Егор был раздражен и неприветлив.
- Ты чего ж это на меня бирючишься? - обиделся Павло. - Не нравлюсь, скажи. Шапку сниму, - только меня и видали. Меня вот от этой человеческой пакости, - Павло указал на бумажки, - на блевотину тянет. И каждый день по такому морю Черному плаваю. Замечаю, виски белеть начали.
Мостовой прямо глянул в глаза Батурина.
- А каково мне тогда?
- Ты вроде интерес имеешь.
- Интерес, - Егор скрипнул зубами, - кабы мне найти тех, кто шкоду наделал.
- Что там?
- Все так, как Лютый пересказывал. Вытащили мы колеса с яров, а они негожие. Порубанные…
- Неужели порубили? - возмутился Павло.
- Сам в яр лазил, было голову сломал.
Тут только Батурин заметил, что Мостовой вымазан в глине.
- Барбосы, - сказал Батурин. - А про Шкурку верно?
- Брехня. Шкурка другие сутки с хаты не выходил. Кабы нашел, сам бы перестрелял. Видать, надо тюрьму открыть, без нее сволочам тошно…
- Охрану надо послать, - посоветовал Павло.
- Послали уже.
- Не мало?
- А где больше возьмешь? Дружину почти всю для Армавира израсходовали.
- Я достану, - твердо сказал Павло, - меня фронтовики, послушают. Фронтовиков подберем.
- Может, отряд с города вытребовать?
- Не надо, - Павло сморщился, - не стоит народ дражнить. Ты же здешний, сам знаешь, как на наше общество чужой штык действует…
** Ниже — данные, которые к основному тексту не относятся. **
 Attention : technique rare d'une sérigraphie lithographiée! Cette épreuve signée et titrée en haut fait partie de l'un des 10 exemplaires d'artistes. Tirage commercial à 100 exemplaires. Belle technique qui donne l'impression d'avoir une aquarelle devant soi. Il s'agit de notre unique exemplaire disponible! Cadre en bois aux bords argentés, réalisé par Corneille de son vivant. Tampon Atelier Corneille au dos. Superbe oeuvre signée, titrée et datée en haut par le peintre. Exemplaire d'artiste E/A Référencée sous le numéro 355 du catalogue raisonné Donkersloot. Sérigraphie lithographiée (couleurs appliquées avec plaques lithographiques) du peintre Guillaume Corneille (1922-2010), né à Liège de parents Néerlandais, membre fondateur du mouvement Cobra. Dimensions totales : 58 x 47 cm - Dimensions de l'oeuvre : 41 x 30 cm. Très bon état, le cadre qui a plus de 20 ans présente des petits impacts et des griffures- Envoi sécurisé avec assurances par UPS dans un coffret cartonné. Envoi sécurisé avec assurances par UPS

Участие Павла значительно ободрило Мостового. С уходом на фронт Хомутова и Барташа Егор на долгое время почувствовал себя одиноким, так как с первым отрядом ушли лучшие из тех, кто понимал Егора и дружил с ним. Станица, несмотря ни на что, все же представлялась Егору населенной врагами. Ожесточенное его сердце искало возможностей непосредственной, чуть ли не физической расправы, но его сдерживали указания из города. С людьми, способными на измену и вероломное предательство, он боролся известными ему путями: прямым убеждением, искренностью. Они были лживы, он был правдив. Они ходили темными переулками, он на виду у всех мчался на своем Баварце. Они втихомолку натравливали на него, но он не слышал этих наветов. Он хотел бороться в справедливой и честной схватке, они увертывались, имея за плечами вековой опыт.
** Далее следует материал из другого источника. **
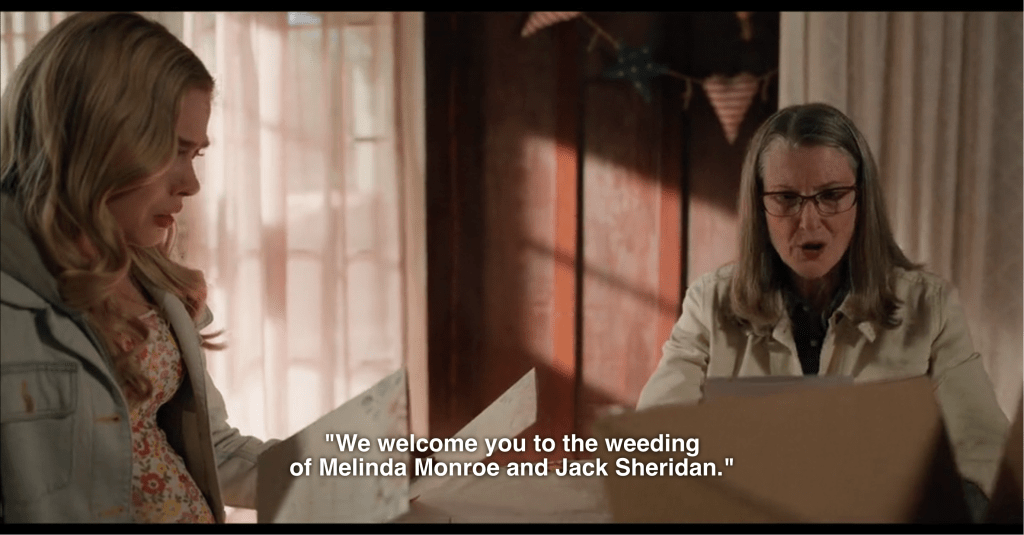 That’s right. This wedding is in [checks watch] approximately 30 hours and Mel has finally, FINALLY gotten the thing she truly wanted: Everett is walking her down the aisle!

Сегодня враг опять Исчез, поглумившись над тем святым и великим делом, которому Егор Мостовой отдавал свое большое натруженное сердце.
Сейчас Батурин поддержал его. Мостовой близко ощутил эту помощь.
- Иди, Павло.
Обозы шли под усиленной охраной фронтовиков. Отцы выбегали, проклинали своих детей, но казаки медленно двигались возле дороги, плотно сжав губы. Павло скрепя сердце делал то, что обещал Мостовому.
ГЛАВА IX
Откуда, с каких глубоких времен вошли в быт кубанских станиц ночные погромы воров? Зачастую перед избиением пролетало чуждое слово "рафоломеевская ночь". Откуда казачьей станице знать имя святого Варфоломея?.. Может, нетерпимость запорожцев к воровству укоренила жестокий обычай?
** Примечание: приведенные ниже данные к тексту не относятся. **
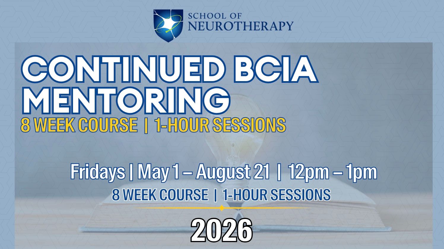 The BCIA Mentoring and Neurofeedback Protocol Development Course is offered in ten (10) non-consecutive sessions to comprehensively cover a range of topics relevant to neurofeedback certification and protocol development. Offered as a companion course to the BCIA Certification Course - each 2-hour session will focus on progressive review of the BCIA modules #1 – 10, and a second hour engaged in analysis and discussion of case studies.

Может, принесли на Кубань запорожцы наряду с пленительными подвигами, наряду с удалью и отвагой порочные традиции воинственных куреней? Как бы то ни было, страшно, когда глухой ночью набат поднимает станицу. Проносятся толпы и конные ватаги, вспыхивают десятки факелов, разбрызгивая копоть и искры. Врываются озверелые люди в заранее изустно заклейменные дома, и пронзительные вопли сгущают ужас ночи, будто поднявшейся из средневековья.
- Семен, набат, - тревожно сказала Елизавета Гавриловна, толкая в бок мужа, - проснись, Семен.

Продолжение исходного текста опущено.